Deploy replica set members across regions for geographic redundancy.

```javascript
// Example replica set config with multi-region members
rs.initiate({
  _id: "rs-production",
  members: [
    { _id: 0, host: "mongo-us-east-1:27017", priority: 10 },
    { _id: 1, host: "mongo-us-west-2:27017", priority: 5 },
    { _id: 2, host: "mongo-eu-west-1:27017", priority: 1 },
    { _id: 3, host: "mongo-us-east-1b:27017", priority: 0, hidden: true, tags: { role: "backup" } },
    { _id: 4, host: "mongo-us-east-1c:27017", arbiterOnly: true }
  ],
  settings: {
    getLastErrorDefaults: { w: "majority", wtimeout: 5000 }
  }
});
```

### Backup Verification

Regularly test that backups are restorable.

```javascript
// After restoring to a test environment, verify data integrity
const collections = db.getCollectionNames();
collections.forEach(name => {
  const count = db.getCollection(name).estimatedDocumentCount();
  const indexes = db.getCollection(name).getIndexes().length;
  print(`${name}: ${count} documents, ${indexes} indexes`);
});

// Validate a collection for internal consistency
db.orders.validate({ full: true });
```

### Backup Automation Script

```javascript
// Run from mongosh to log backup metadata
const backupRecord = {
  timestamp: new Date(),
  type: "full",
  method: "mongodump",
  databases: db.adminCommand({ listDatabases: 1 }).databases.map(d => ({
    name: d.name,
    sizeOnDisk: d.sizeOnDisk
  })),
  oplogPosition: db.getSiblingDB("local").oplog.rs.find().sort({ $natural: -1 }).limit(1).next().ts,
  status: "completed"
};

db.getSiblingDB("admin").getCollection("backupLog").insertOne(backupRecord);
print("Backup record logged:", backupRecord.timestamp);
```

## Data Retention Policies

### Active Data

Document data is retained indefinitely unless explicitly removed.
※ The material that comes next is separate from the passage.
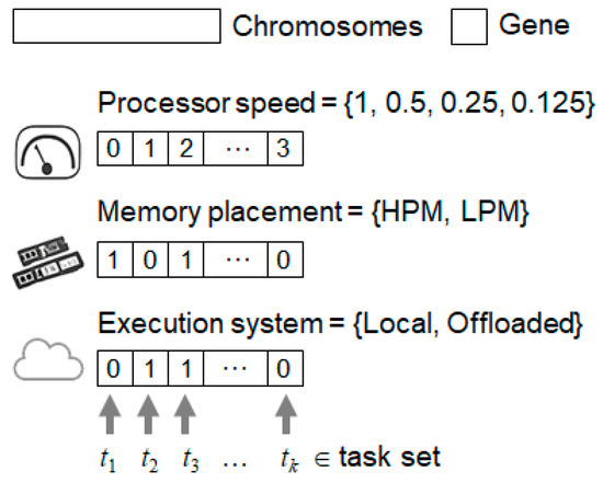 Chromosome encoding used in the evolutionary computation. Each of the three chromosomes encodes processor speed, memory placement, and execution location for the task set; each gene represents one task.

Documents
marked with a `deletedAt` field are retained for 90 days before permanent
removal via a TTL index or scheduled cleanup job.

```javascript
// Create a TTL index for automatic document expiration
db.sessionLogs.createIndex(
  { "expiresAt": 1 },
  { expireAfterSeconds: 0 }
);
```

### Logs and Audit Trails

- API request logs: 90 days
- Audit logs: 1 year (for compliance)
- Error logs: 30 days

## Best Practices

1. **Automate backups** on a schedule matching your RPO requirements.
2. **Always include the oplog** when using mongodump for point-in-time recovery.
3. **Test restores regularly.** A backup you have never restored is not a backup.
4. **Monitor oplog window size.** Ensure the oplog retains enough history for your needs.
5. **Use Atlas managed backups** when possible for automated snapshots and restore.
6. **Store backups in a different region** from your primary deployment.
7. **Encrypt backups at rest** using `--gzip` with filesystem-level encryption.
8. **Document your recovery runbook** and practice failover drills quarterly.